2 En de Here sprak tot Jozua: Zie, Ik geef Jericho met zijn koning, de krachtige helden, in uw macht.
3 Gij moet om de stad heen trekken, terwijl alle krijgslieden éénmaal om de stad heen gaan;
4 zó moet gij zes dagen doen, terwijl zeven priesters zeven ramshorens voor de ark uit dragen. Maar op de zevende dag moet gij zevenmaal om de stad heen trekken en de priesters zullen op de horens blazen.

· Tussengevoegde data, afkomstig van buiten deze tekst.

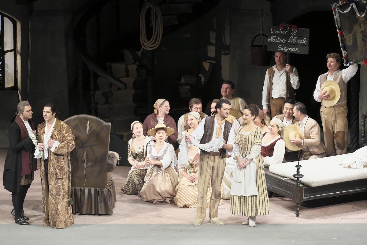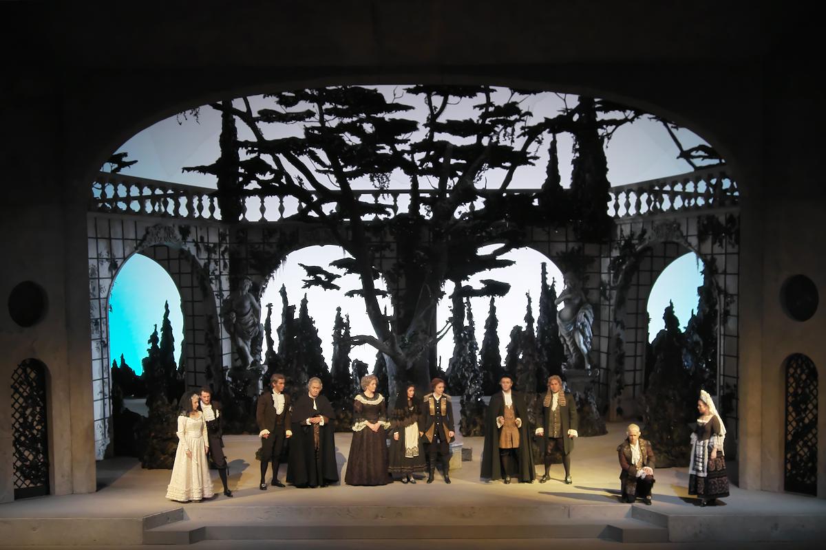 ジャン=ピエール・ポネルの演出は、18世紀当時の時代背景を考慮した、オーソドックスなもの。シックな色合いの装置や衣装も、好ましく感じます。微笑みとユーモアをところどころちりばめて、不偏の人間ドラマを見事に描き出しました。

5 Wanneer men op de ramshoorn de toon aanhoudt en gij het geluid van de hoorn verneemt, dan moet het gehele volk een luid gejuich aanheffen en de stadsmuur zal ineenstorten en het volk moet daarop klimmen, ieder recht voor zich uit.
6 Toen riep Jozua, de zoon van Nun, de priesters en zeide tot hen: Neemt de ark des verbonds op en laten zeven priesters zeven ramshorens dragen voor de ark des Heren uit.
7 En tot het volk zeide hij: Trekt voort en gaat om de stad heen en laten de gewapenden vóór de ark des Heren uit trekken.
8 Zodra Jozua tot het volk gesproken had, trokken de zeven priesters, die de zeven ramshorens voor het aangezicht des Heren droegen, voort en bliezen op de horens, terwijl de ark van het verbond des Heren hen volgde.